Your next home should be close to companies that offer care services. If you want someone you know to provide these services, choose a place that will be easily accessible for them. You should make these decisions based on your health and safety.

If it is already hard for you to use the stairs of an apartment, then your next home should only have single storey. Split homes with ground level homes are also preferable for those who want to have cozy and close apartment setting, but with a minimal number of individuals.

Decision Making

By now; you have already listed down what you need and have, and even your needs in the future. When you reach your retirement, it is best to think carefully when moving to a new place and if it is perfect for your needs.

It can be hard to go from living in a home you owned to a small apartment, but knowing the costs and labor it may be the better option. If you aim for social interaction, then that choice is for you.

In these times, your health is crucial, so it just makes sense to have someone to provide you in-home care.
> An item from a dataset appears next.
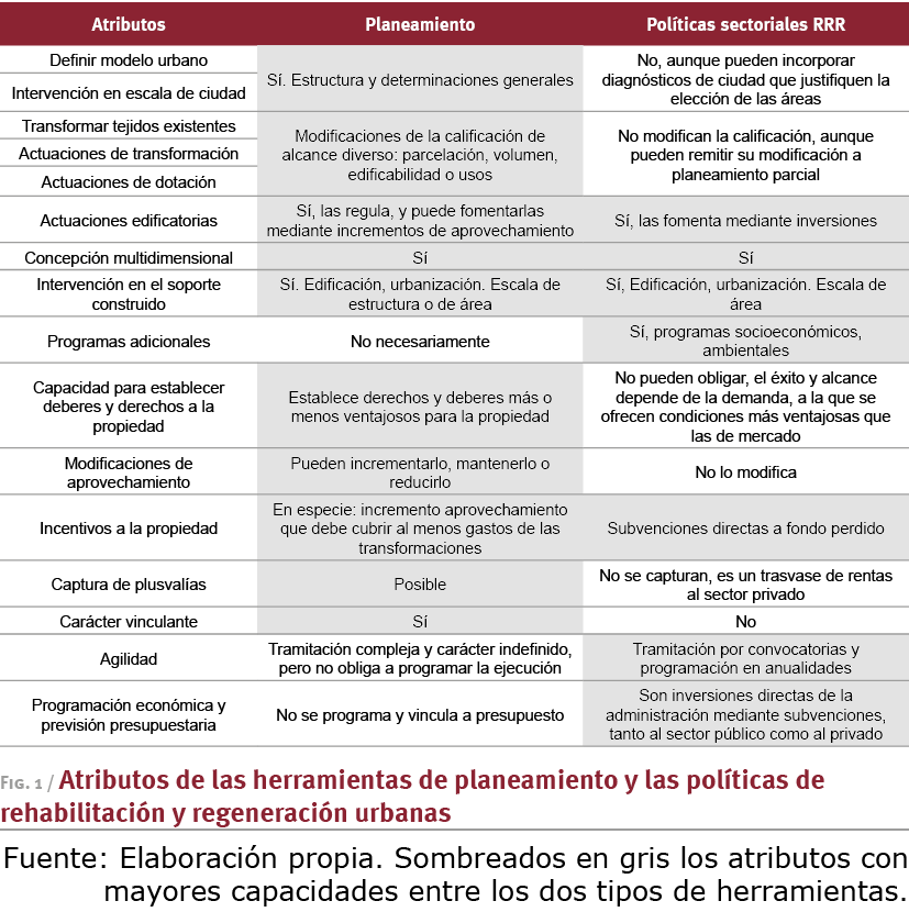 Los atributos del planeamiento y de las políticas sectoriales de RRR para la intervención en la ciudad existente difieren de forma notable (Fig. 1). Las políticas de RRR reúnen algunos atributos (agilidad, programación y presupuesto, programas complementarios) de los que adolece el planeamiento y que lo hacen difícilmente operativo. El planeamiento permite encajar las intervenciones en un marco estructural de ciudad y tiene capacidad para transformar los tejidos existentes mediante propuestas vinculantes que pueden modificar el aprovechamiento y permitir la captura de plusvalías, posibilidades no incluidas necesariamente en las políticas de RRR en áreas. Se trata de dos tipos de actuación complementarios que presentan puntos de confluencia, pero que tienen funcionalidades y capacidades diferenciadas. Ambas se utilizan con profusión, aunque no siempre de forma coordinada.

Consider if the person will live with you or visit you regularly. It is important to have the space for them.

Moving in to a new residence is not something to rush about. Take time to make a decision in searching the ideal place for you to retire. Perhaps, your reason to move is to be closer to something or someone, but later you’ll find that it doesn’t actually matter. Make sure that you have a solution when things go wrong. Your retirement should be fun, so take your time and don’t let moving become a major source of aggravation or pain.